Q: Can I use a graphing calculator to solve an absolute value inequality?

A: Yes, you can use a graphing calculator to solve an absolute value inequality. You can graph the two functions and find the intersection points to determine the solution.

Q: How do I check my solution to an absolute value inequality?

A: To check your solution, you need to plug the values back into the original inequality and make sure that it is true.

Q: Can I use absolute value inequalities to model real-world problems?

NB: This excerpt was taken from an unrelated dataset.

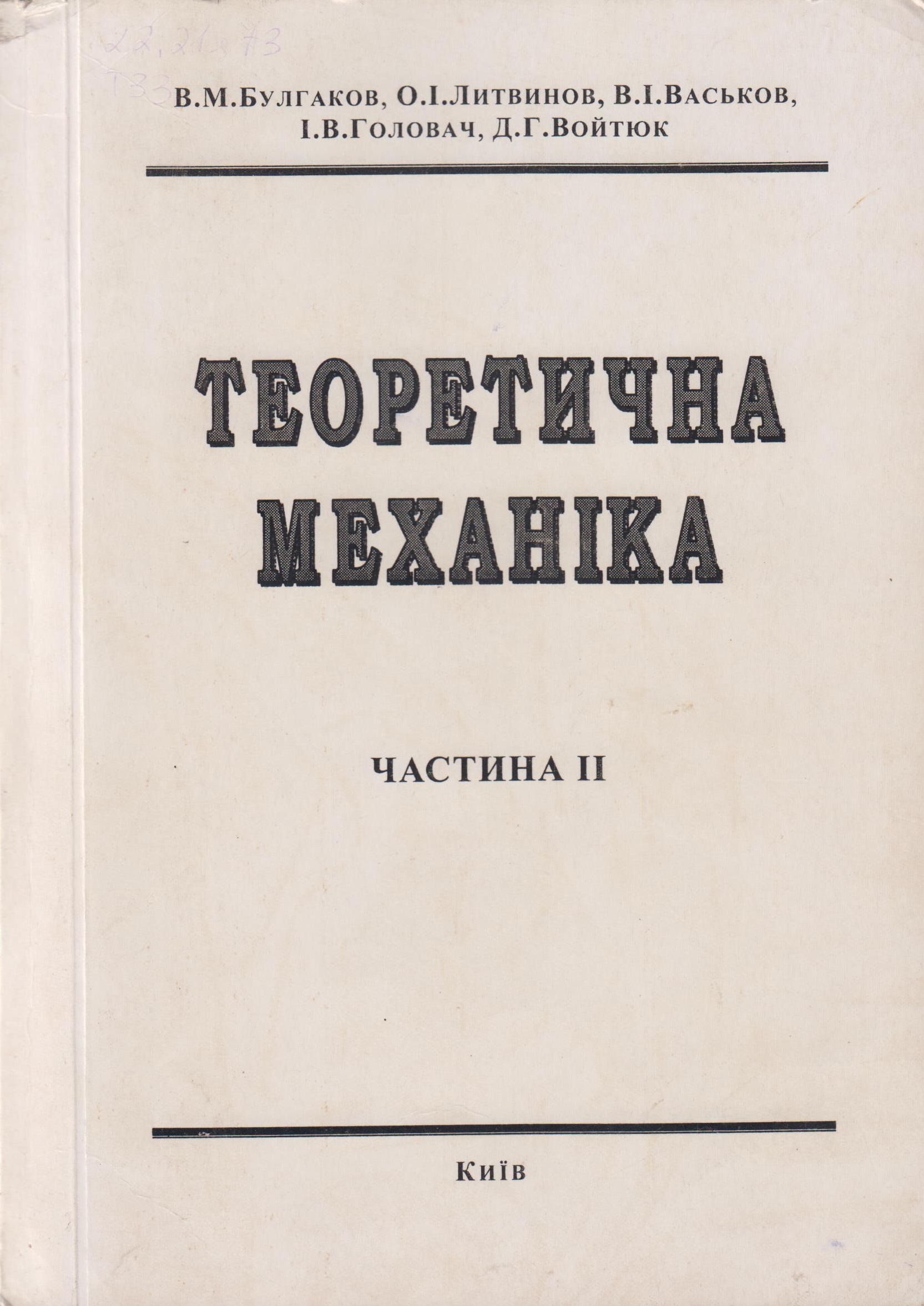 531(075.8) Теоретична механіка : курс лекцій. Ч. ІІ / В. М. Булгаков, О. І. Литвинов, В. І. Васьков, І.В. Головач, Д.Г. Войтюк. - Київ : НАУ, 2004. - 342 с. - ISBN 966-7906-ХІІ

A: Yes, you can use absolute value inequalities to model real-world problems. For example, you can use absolute value inequalities to model the motion of objects, the behavior of markets, and the design of systems.

Example Problems

• Solve the absolute value inequality $|x-8|+3 < 15$.
• Solve the absolute value inequality $|x+5|-2 < 10$.
• Solve the absolute value inequality $|x-2|+1 < 9$.

Real-World Applications

• Absolute value inequalities are used in physics to model the motion of objects.
• Absolute value inequalities are used in engineering to design systems that can handle uncertainty.
• Absolute value inequalities are used in economics to model the behavior of markets.

Conclusion

In this article, we have answered some frequently asked questions about absolute value inequalities. We have covered topics such as isolating the absolute value, solving the inequality, and checking the solution. We have also provided example problems and real-world applications of absolute value inequalities.

Step-by-Step Solution

1. Isolate the absolute value by subtracting the constant term from both sides of the inequality.
2. Consider two cases: when the expression inside the absolute value is positive, and when the expression inside the absolute value is negative.
3. Solve the inequality for each case.
4. Combine the solutions to find the final solution to the inequality.
5. Check the solution by plugging the values back into the original inequality.

Tips and Tricks

• Make sure to isolate the absolute value before solving the inequality.
• Consider both cases when solving the inequality.
• Check the solution by plugging the values back into the original inequality.
• Use a calculator or graphing calculator to check the solution.
• Use absolute value inequalities to model real-world problems.

Conclusion

In this article, we have provided a comprehensive guide to solving absolute value inequalities. We have covered topics such as isolating the absolute value, solving the inequality, and checking the solution. We have also provided example problems and real-world applications of absolute value inequalities.